* [DATA FOR ANALYSIS]:
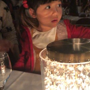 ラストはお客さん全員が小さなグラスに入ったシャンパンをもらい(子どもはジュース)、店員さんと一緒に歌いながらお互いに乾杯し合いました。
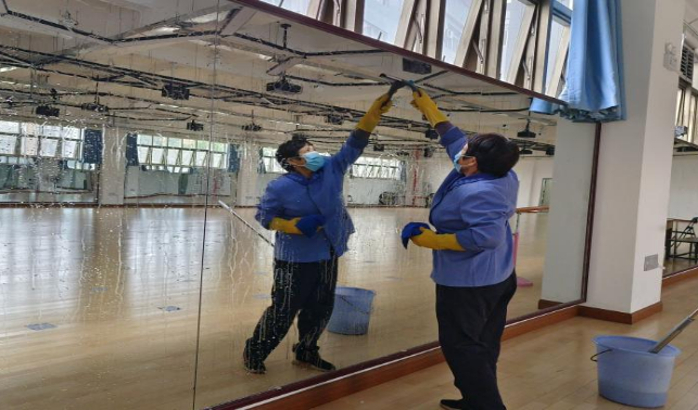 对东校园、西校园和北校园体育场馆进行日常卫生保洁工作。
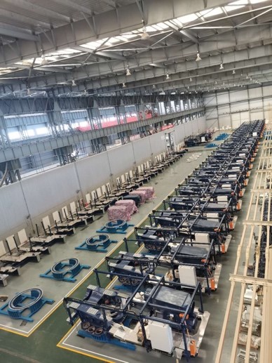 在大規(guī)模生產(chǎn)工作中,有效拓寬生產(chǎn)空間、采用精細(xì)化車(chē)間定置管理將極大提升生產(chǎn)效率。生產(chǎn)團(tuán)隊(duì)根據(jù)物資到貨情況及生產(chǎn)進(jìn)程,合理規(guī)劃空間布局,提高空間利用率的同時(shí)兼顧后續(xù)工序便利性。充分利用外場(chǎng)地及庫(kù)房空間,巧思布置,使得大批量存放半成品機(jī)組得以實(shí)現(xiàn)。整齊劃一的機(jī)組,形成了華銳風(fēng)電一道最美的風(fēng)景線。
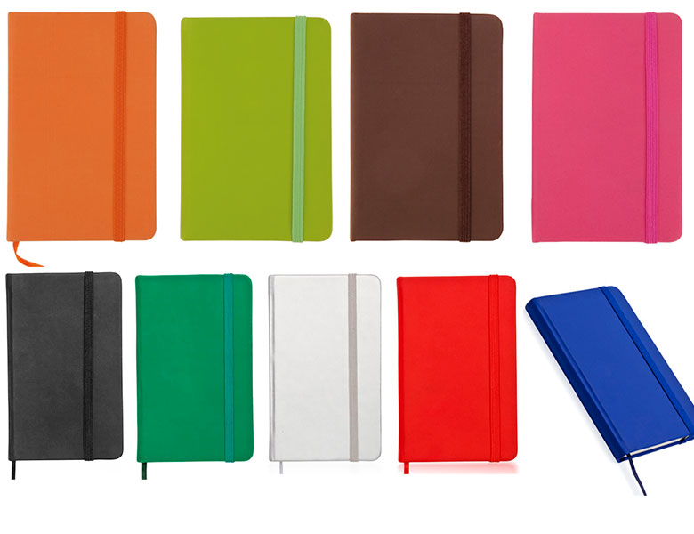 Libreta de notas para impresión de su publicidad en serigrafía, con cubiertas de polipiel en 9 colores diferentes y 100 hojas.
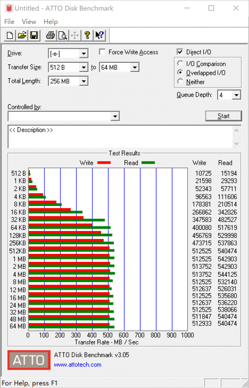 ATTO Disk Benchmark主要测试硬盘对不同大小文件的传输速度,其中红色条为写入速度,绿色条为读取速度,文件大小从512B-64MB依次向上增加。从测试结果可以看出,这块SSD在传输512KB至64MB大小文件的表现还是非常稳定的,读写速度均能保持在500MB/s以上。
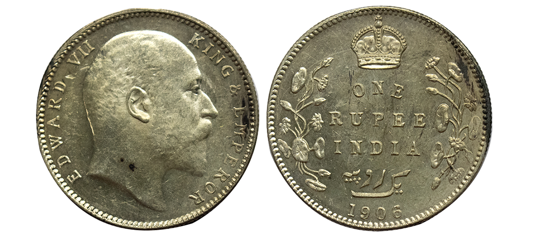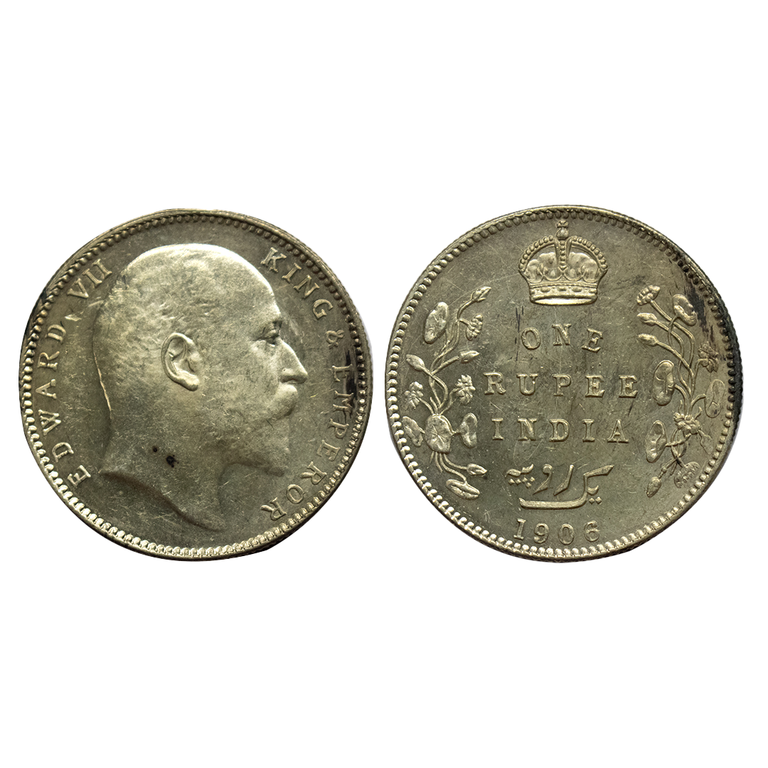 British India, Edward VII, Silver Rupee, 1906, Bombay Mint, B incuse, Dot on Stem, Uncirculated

* [WORK TO BE COMPLETED]: Transcribe exactly the line that contains "Libreta de notas" and each line after it through the end of the listing. Leave out the pictures.

* [THE COMPLETED TASK]:
 Libreta de notas para impresión de su publicidad en serigrafía, con cubiertas de polipiel en 9 colores diferentes y 100 hojas.
 ATTO Disk Benchmark主要测试硬盘对不同大小文件的传输速度,其中红色条为写入速度,绿色条为读取速度,文件大小从512B-64MB依次向上增加。从测试结果可以看出,这块SSD在传输512KB至64MB大小文件的表现还是非常稳定的,读写速度均能保持在500MB/s以上。
 British India, Edward VII, Silver Rupee, 1906, Bombay Mint, B incuse, Dot on Stem, Uncirculated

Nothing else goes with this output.